--- TASK DETAILS ---
Write out the lines of the material below exactly, beginning at the line with "The buy and" and stopping after the line with "Utility Room - 2.19", and leave out the pictures.

--- TASK DATA ---
■ ■ ■ ■ ■ ■ ■

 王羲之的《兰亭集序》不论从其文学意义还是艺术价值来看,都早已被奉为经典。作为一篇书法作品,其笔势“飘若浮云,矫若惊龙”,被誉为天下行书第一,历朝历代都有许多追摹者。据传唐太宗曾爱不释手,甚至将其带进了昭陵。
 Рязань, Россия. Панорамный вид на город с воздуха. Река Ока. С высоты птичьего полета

■ ■ ■ ■ ■ ■ ■

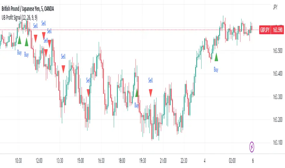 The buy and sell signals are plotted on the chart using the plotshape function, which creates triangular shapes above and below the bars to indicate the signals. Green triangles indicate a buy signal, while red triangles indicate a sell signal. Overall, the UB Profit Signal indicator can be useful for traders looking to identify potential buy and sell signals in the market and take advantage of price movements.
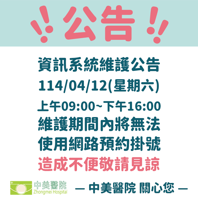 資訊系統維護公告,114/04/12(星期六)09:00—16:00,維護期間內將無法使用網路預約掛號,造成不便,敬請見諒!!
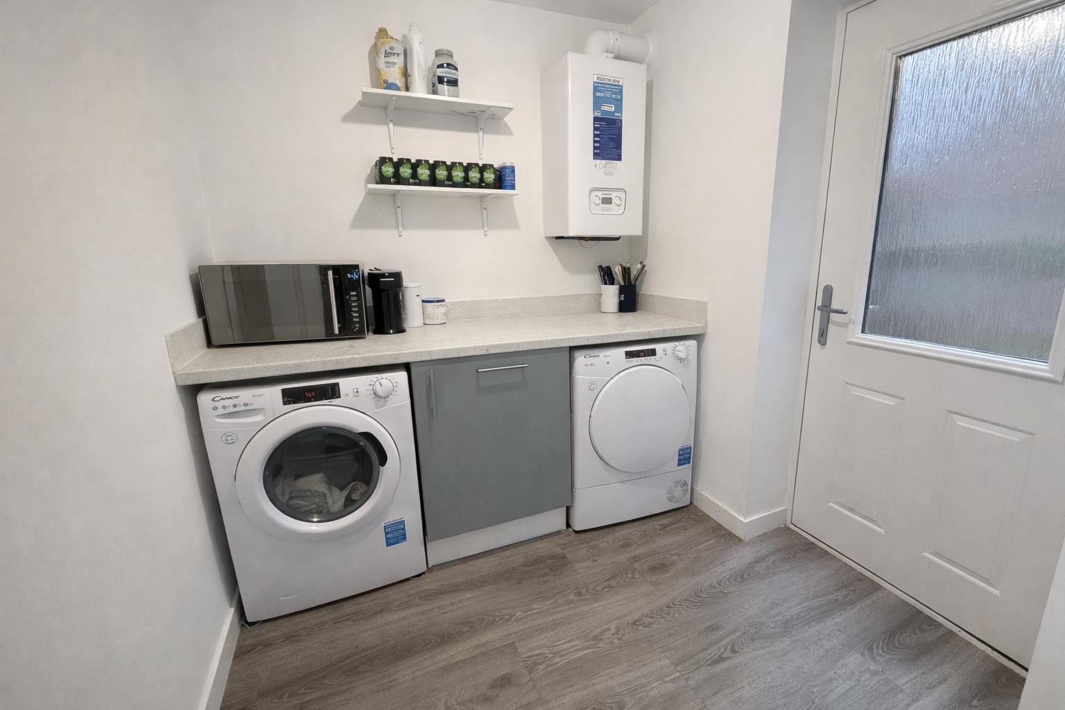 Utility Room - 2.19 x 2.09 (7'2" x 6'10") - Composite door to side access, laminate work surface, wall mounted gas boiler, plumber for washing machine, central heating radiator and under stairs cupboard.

■ ■ ■ ■ ■ ■ ■

--- ANSWER BELOW ---
 The buy and sell signals are plotted on the chart using the plotshape function, which creates triangular shapes above and below the bars to indicate the signals. Green triangles indicate a buy signal, while red triangles indicate a sell signal. Overall, the UB Profit Signal indicator can be useful for traders looking to identify potential buy and sell signals in the market and take advantage of price movements.
 資訊系統維護公告,114/04/12(星期六)09:00—16:00,維護期間內將無法使用網路預約掛號,造成不便,敬請見諒!!
 Utility Room - 2.19 x 2.09 (7'2" x 6'10") - Composite door to side access, laminate work surface, wall mounted gas boiler, plumber for washing machine, central heating radiator and under stairs cupboard.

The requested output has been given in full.